1. Expert Q&A: Living well as a carer - Thurs 29 August, 3-4pm

    As a carer for a person living with dementia, the needs of the person you care for will often come before your own. You may experience a range of difficult emotions and you may not have the time to do all the things you need to do. Caring can have a big impact on both your mental and physical health, as well as your overall wellbeing.

    Angelo, our Knowledge Officer (Wellbeing) is our expert on this topic. He will be here to answer your questions on Thursday 29 August between 3-4pm.

    You can either post questions >here< or email them to us at talkingpoint@alzheimers.org.uk and we'll answer as many as we can on the day.

I'm In meltdown - words of advice please?

Discussion in 'I care for a person with dementia' started by Worrywart 2, Jul 12, 2015.

  1. Worrywart 2

    Worrywart 2 Registered User

    Jul 7, 2015
    39
    My mother had brain haemorhage 3 years ago. She was in hospital for 9 months and then came home with carers. As the eldest daughter it all falls on my shoulders. I have overseen everything since her coming home and it's not easy, as you all know.
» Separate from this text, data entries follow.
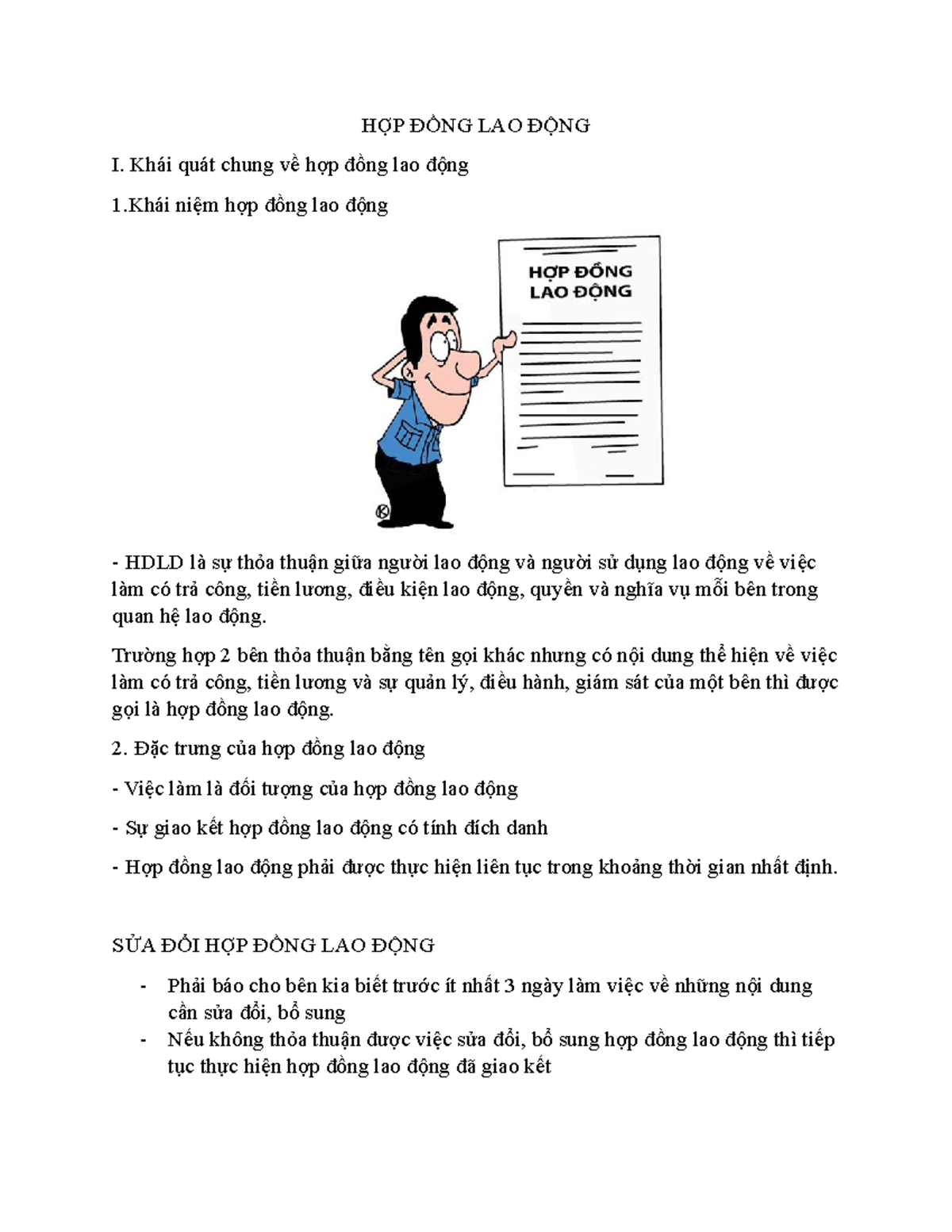 Khái niệm, đặc trưng HDLD - HỢP ĐỒNG LAO ĐỘNG I. Khái quát chung về hợp ...
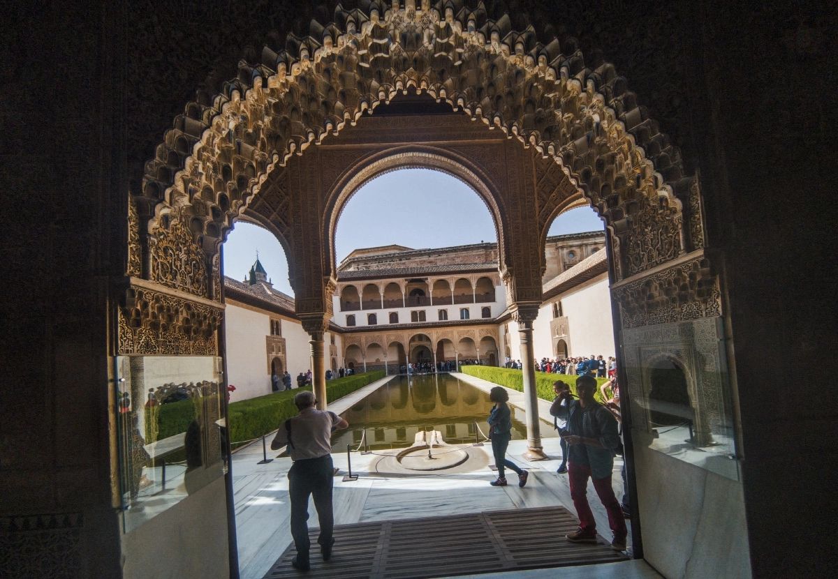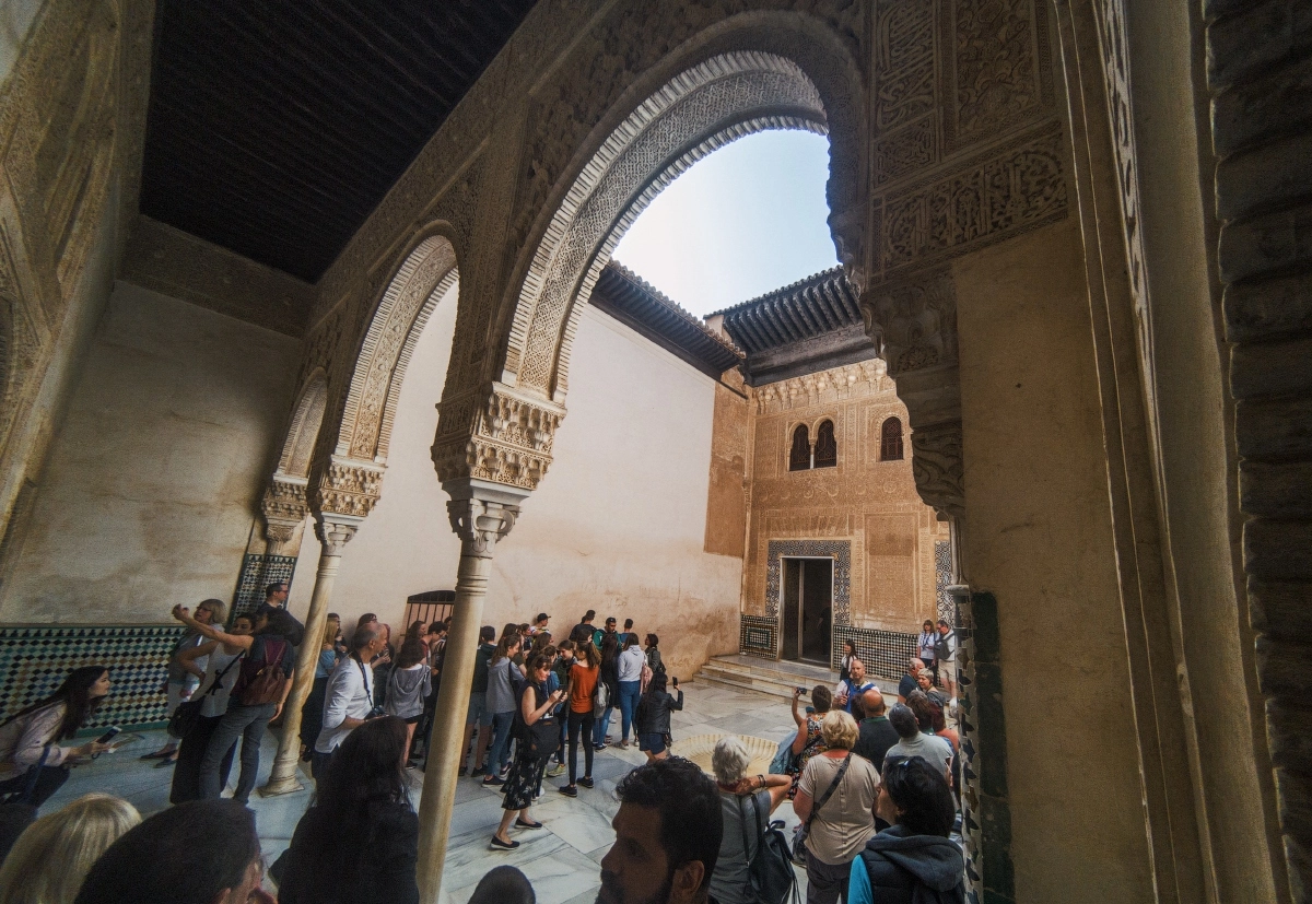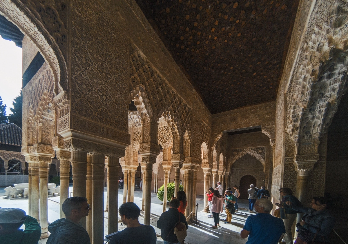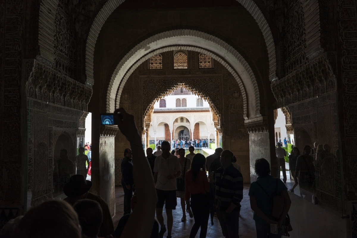 Время X, мы внутри. И вроде пускают ограниченное количество туристов, но все равно толпы. Что удивительно, учитывая как трудно достать билеты, я по наивности полагал хотя бы отсутствие давки. Нам не привыкать, активно работаем локтями и наслаждаемся красотами резиденции мусульманской династии Насридов 13го века. Поглазеть тут есть на что.
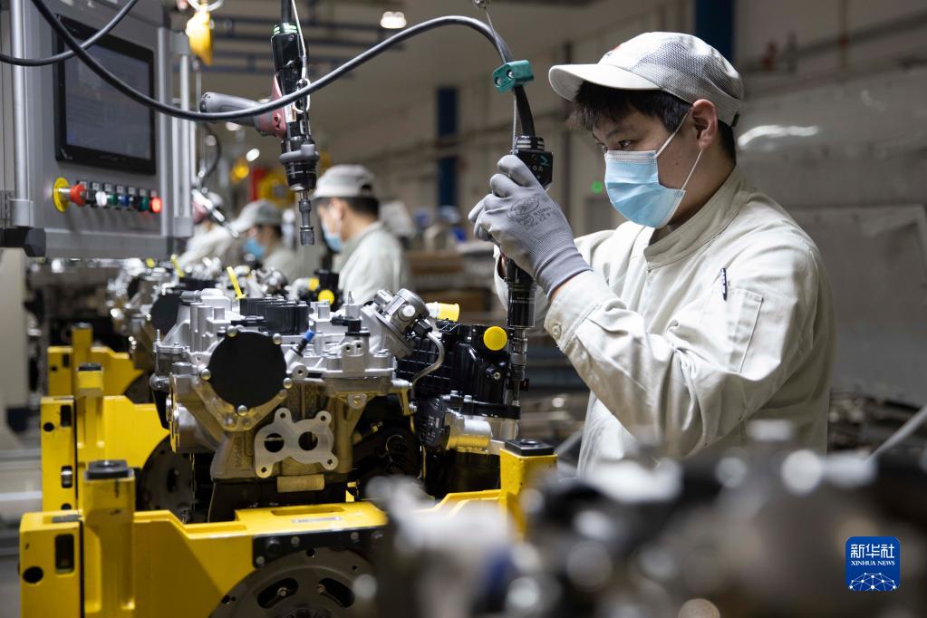 3月23日,工人在哈爾濱東安汽車動力股份有限公司生產車間內進行裝配作業。
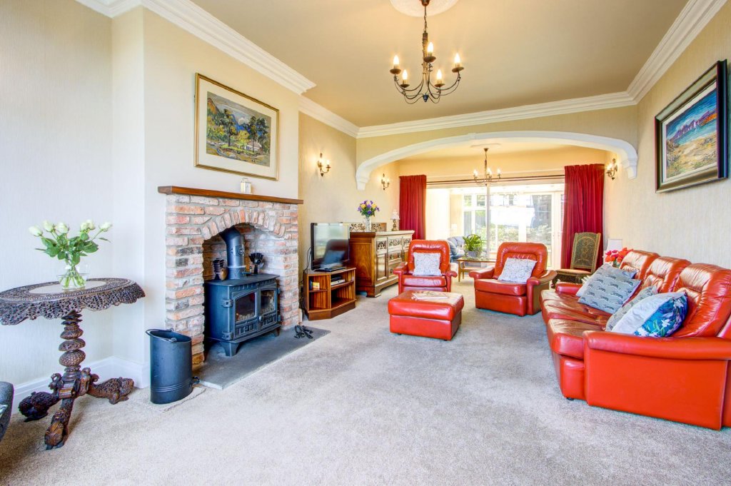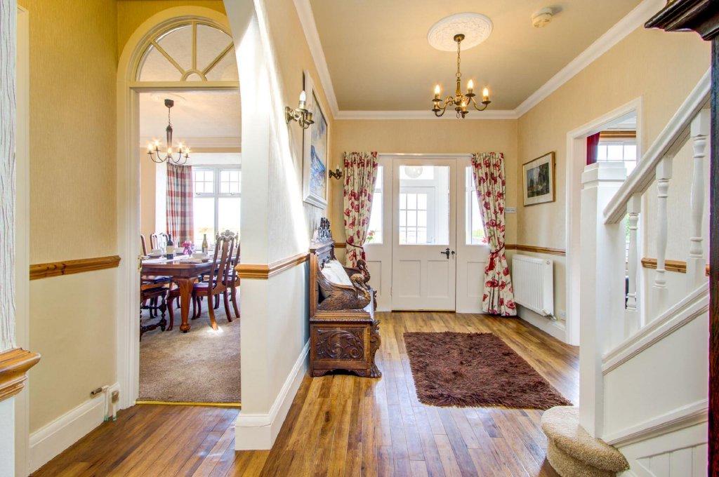 The welcoming hallway leads to two elegant reception rooms, both with remarkable sea views. The dining room, with its feature fireplace, is perfect for entertaining or family gatherings, while the spacious sitting room, with its wood-burning stove, is made for cosy evenings with the ever-changing seascape as your backdrop.
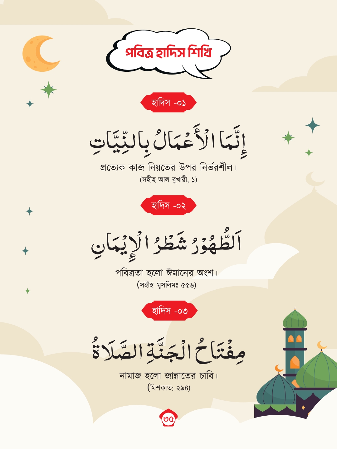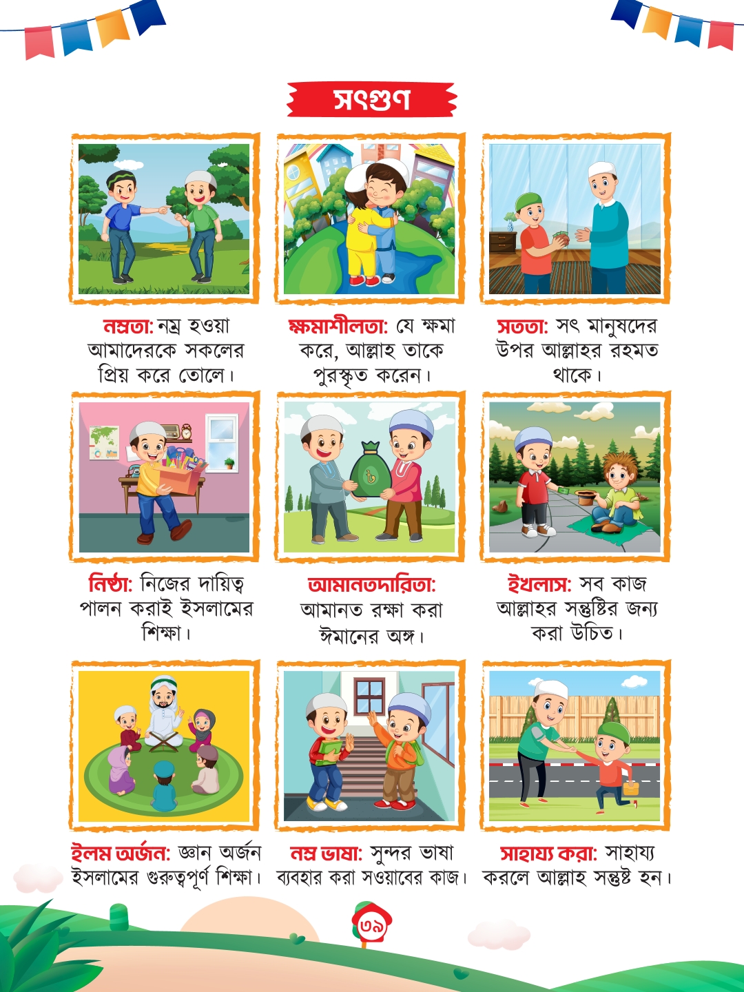 এছাড়া শিশুদের নৈতিক ও আধ্যাত্মিক বিকাশের উদ্দেশ্যে সংযোজন করা হয়েছে ইসলামিয়াত অংশ, যাতে রয়েছে ছোট সূরা, হাদিস, দোয়া, আদব ও আখলাক বিষয়ক পাঠ।
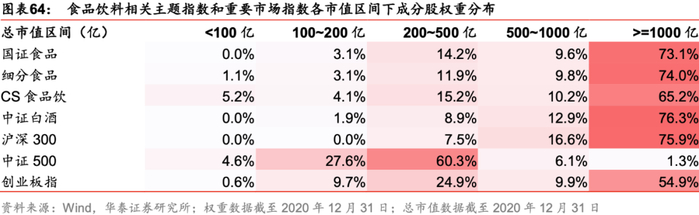 下面从成分股的权重分布分析指数市值特征,将个股总市值划分为小于100亿、100~200亿、200~500亿、500~1000亿以及大于1000亿这五个区间,各市值区间下成分股权重分布如下表所示。国证食品饮料行业指数具有鲜明的大市值风格,市值大于1000亿股票权重占比73.1%,市值大于200亿股票权重累计占比达96.9%。其余食品饮料相关主题指数同样具有大市值风格。
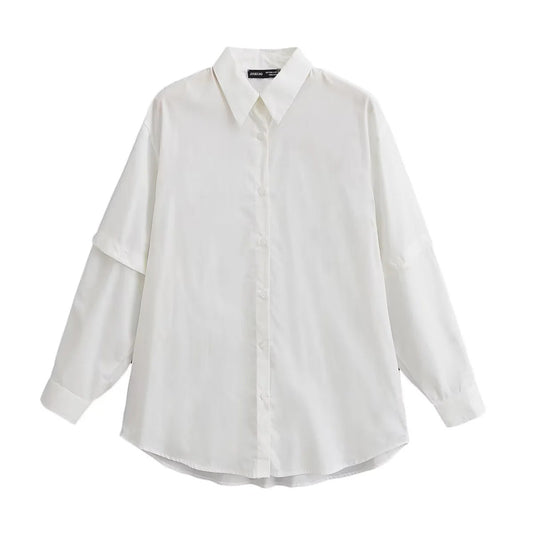 Vit Dam Blus Ăverdimensionerad Bomull Skjortablus
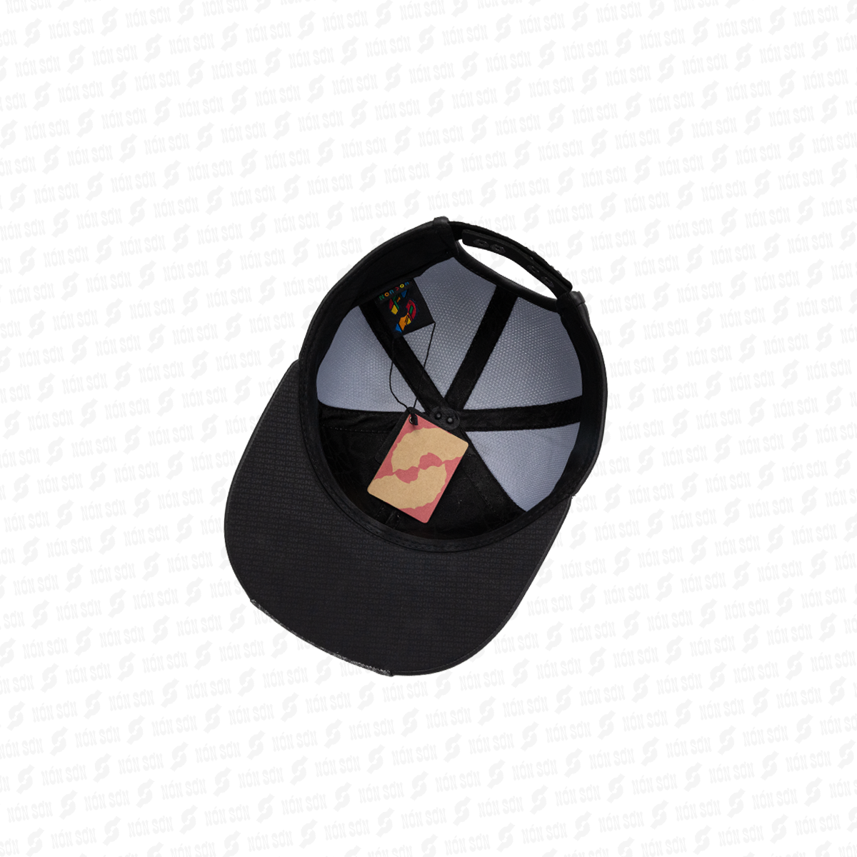 - Sử dụng kẹp phơi vào đai bên trong nón (vị trí giữa lưỡi trai), sao cho lưỡi nón hướng phía trên và dây đuôi hướng phía dưới.
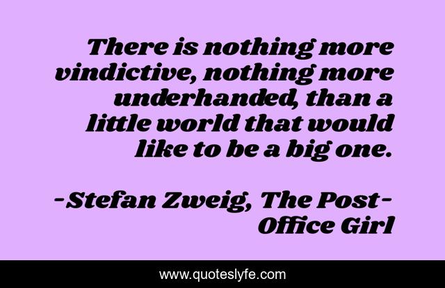 This page presents the quote "There is nothing more vindictive, nothing more underhanded, than a little world that would like to be a big one.". Author of this quote is Stefan Zweig, The Post-Office Girl. This quote is about world, life, vindictive, ambition,.
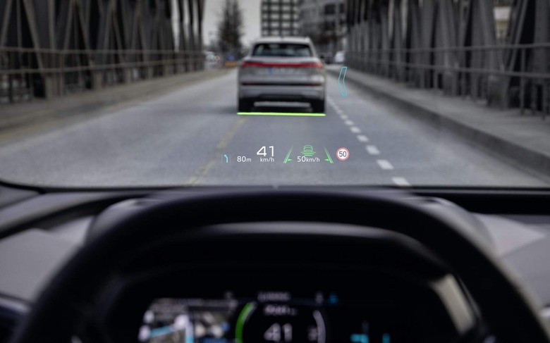 That can be used by the navigation system, for example, hovering animated directional arrows over the upcoming turn. It's the equivalent, Audi says, of looking at a 70-inch display floating around 33 feet ahead of the car. A second, "closer" layer of the HUD is reserved for things like speed and battery status. In Q4 e-tron models with Adaptive Cruise Assist, the HUD shows graphics which explain what the system is doing, and when the driver might need to take over.
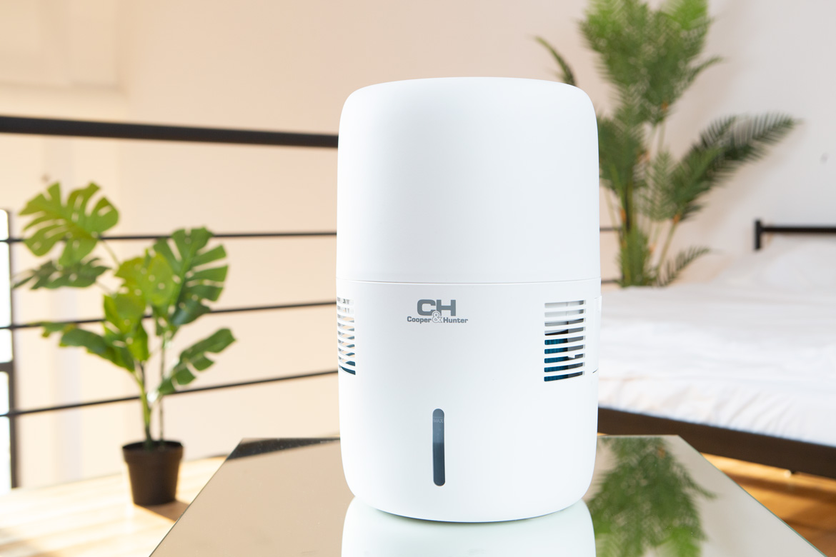 Зволожувач повітря Cooper&Hunter для приміщень 30-50 м2; Ефективність зволоження становить 330 мл/год; Працює від мережі 220В; Об’єм резервуару 3 л
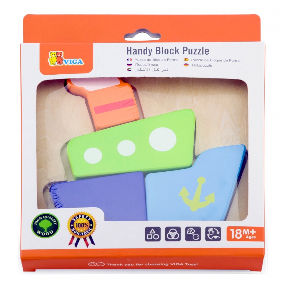 Dřevěné puzzle - vkládačka pro nejmenší s motivem lodě. Rozměry berušky cca 12,5 x 13 cm. Rozměry balení cca 15,5 x 18 x 2 cm. Věk 18m+
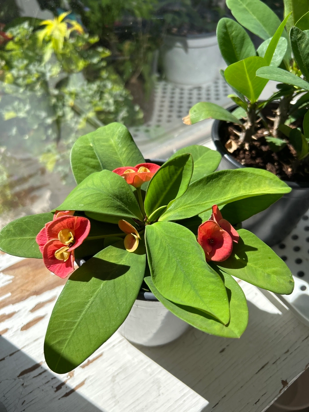 1 potted Crown of Thorns plant. It supposed to be Easy care.

In January i had operation that went wrong ( long story ) and even though they saved my life, I now have ongoing problems. 6 weeks ago mother started bizarre behaviour like packing everything, leqving house on Zimmer frame to fetch children from school ( in her mind she is sometimes 35 ). Set fire to bits of paper, and generally deteriorated. We are told she has vascular dementia following the brain haemorrhage. She has very recently been out on mimantene sp?
    10 days ago she was hospitalised as doctor wanted to check her decline wasn't medical. Ct scan showed no new bleeds and medically she is ok. Since being in hospital she has continued with her rituals ie packing etc but has become very aggressive and very agitated. Visiting is a nightmare as it makes her worse as she think we are bringing her home. It seems likely she will not be coming home as they feel she is unsafe. I worry that she is like this because she is in hospital and feel any mental capacity assessment will not show the true picture. Admittedly she has deteriorated but is now much worse.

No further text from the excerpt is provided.